How Do We Tell Cyber Security Truths That Might Hurt?

In 1975, Edgser Dijkstra penned an iconic essay entitled “How Do We Tell Truths That Hurt?” In his piece, Dijkstra scolded the computing community for choosing to ignore several obvious facts. While answering endless ridiculous questions about the SolarWinds hack this past week, I decided it was time to re-read the master’s note. As I’d suspected, the parallels lined up – so I decided to serve up my own list of cyber security truths that might hurt. I hope this doesn’t spoil your day:

1 – Enterprise cyber security is one of the most difficult aspects of running a business. Observers who’ve never done this type of work do not understand the magnitude of the challenge.

2 – The easiest cyber security task involves breaking into software systems. This has become child’s play for anyone willing to take the time to plan their attack. Research that highlights attacks no longer impresses anyone.

3 – The best nation-state hackers, including from Russia, can break into anything they choose to target. They can do this at any time of their choosing, regardless of any defense in place.

4 – The tools we buy from commercial vendors are excellent at supporting specific tasks, but poor at developing a comprehensive security architecture that can truly stop a nation-state.

5 – Perimeter security – “the infantile disorder” – by now nearly 25 years old, is hopelessly inadequate to stop attacks, and yet this remains the basis for most protection architectures.

6 – Noticing that Trojans exist in complex software is much harder than it looks – and when planted by nation-states, are virtually impossible to detect, even with the best security tools.

7 – The task of stopping nation-state attacks is much too difficult for the typical under-funded and under-staffed IT Security team. This is an unfair fight, one that the nation-state wins every time.

8 – We can build no security discipline on the repeated mistakes of the Federal Government when it comes to cyber security. Today, they are essentially 100% useless in stopping attacks.

9 – Vendors who say they could have stopped the Russian attack on SolarWinds are just being ridiculous. If you are spreading this nonsense, then please stop.

10 – SolarWinds is no different than any other company selling software. This hack could have happened to Google, Amazon, or you. Worse, many similar (currently invisible) hacks are ongoing now.

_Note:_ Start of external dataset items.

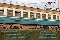 Die Ausstattung der Fahrzeuge ist am besten auf dem beigelegten rechten Foto ersichtlich. Auf jedem Motorwagen sind vier Traktionselektrofahrmotoren für Gleichstrom angeordnet. Die Motoren sind in zwei Gruppen von je zwei Fahrmotoren in Reihenschaltung vereinigt, die Gruppen sind parallel angeordnet. Die Fahrmotoren erhalten ihre Speisung von dem Kontaktnetz über: den Stromabnehmer vom Typ Л-13У01 (L-13U01) oder Л-14М01 (L-14M01), den Traktions-Transformator, den Kraftschalter mit der Bezeichnung КСП (KSP), der Gleichrichtereinheit, dem Glättungsreaktor und den Linien-Kontaktoren. Der Kraftschalter dient für die Regulierung der Spannung, die Gleichrichtereinheit und der Glättungsreaktor für die Umwandlung von Wechselstrom in Gleichstrom, die Linien-Kontaktoren dienen für das Anschließen bzw. Abschließen des Stromes.
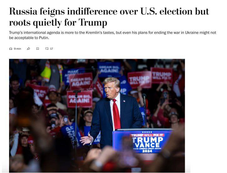 ✔️"Россия притворяется безразличной к выборам в США, но поддерживает Трампа"
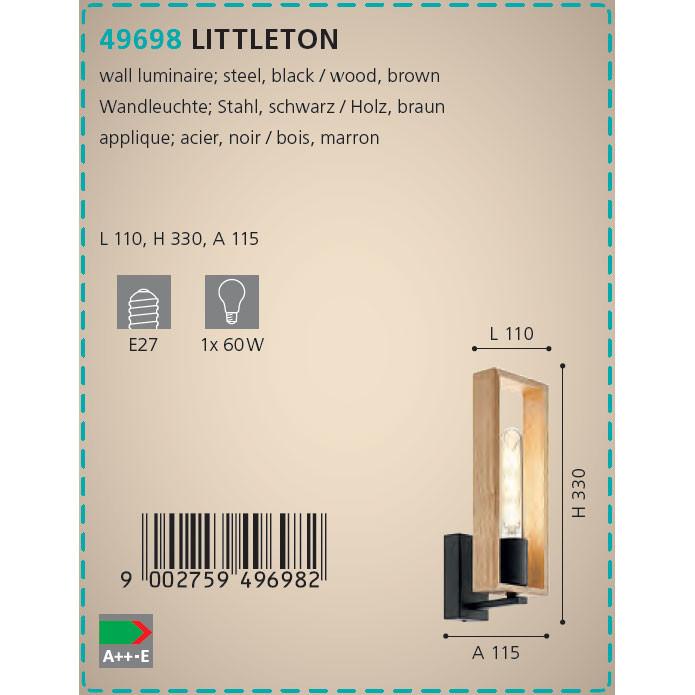 Vintage Wall Light of the LITTLETON series is made of brown wood and black steel. An E27-illuminant is needed to shine. Socket Type : E27 Max Wattage : 1x60W Length (mm) : 110 Height (mm) : 330 Weight (kg) : 0.711
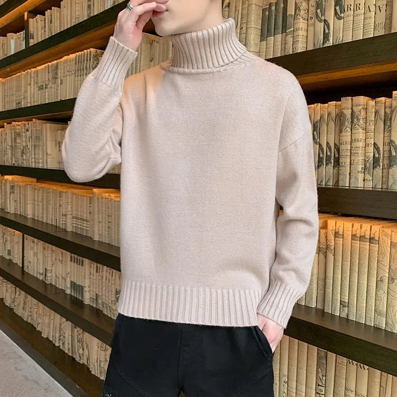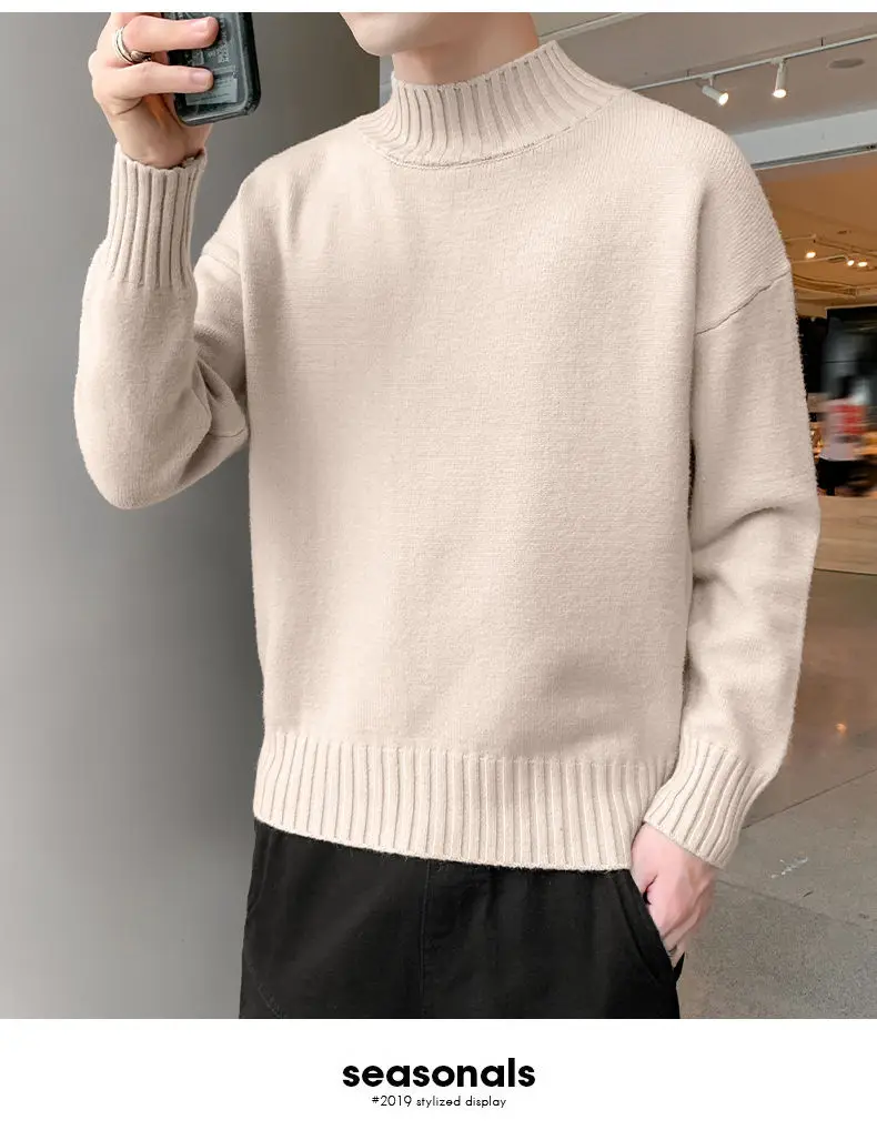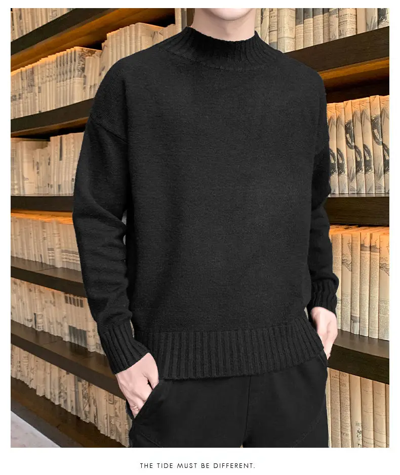 Autumn Winter Fashion Long Sleeve Half High Collar Solid Pullovers Men's Clothing Warm Simplicity Casual All-match Knitting Tops

11 – Our only hope for a workable enterprise defense is to reduce the size, complexity, scale, and scope of the software we rely on. To build a strong house, you must have simple, solid bricks.

I’m sorry if my list hurts your 1Q21 product marketing plan, or if it contradicts your investigative reporting for tomorrow’s mainstream news cycle. But sadly, these points are in fact true. To that end, I’d like to close my little note with Dijkstra’s slightly snarky close to his own 1975 essay: “If the conjecture “you would rather I had not disturbed you with this” is correct, then you may add it to the list of uncomfortable truths.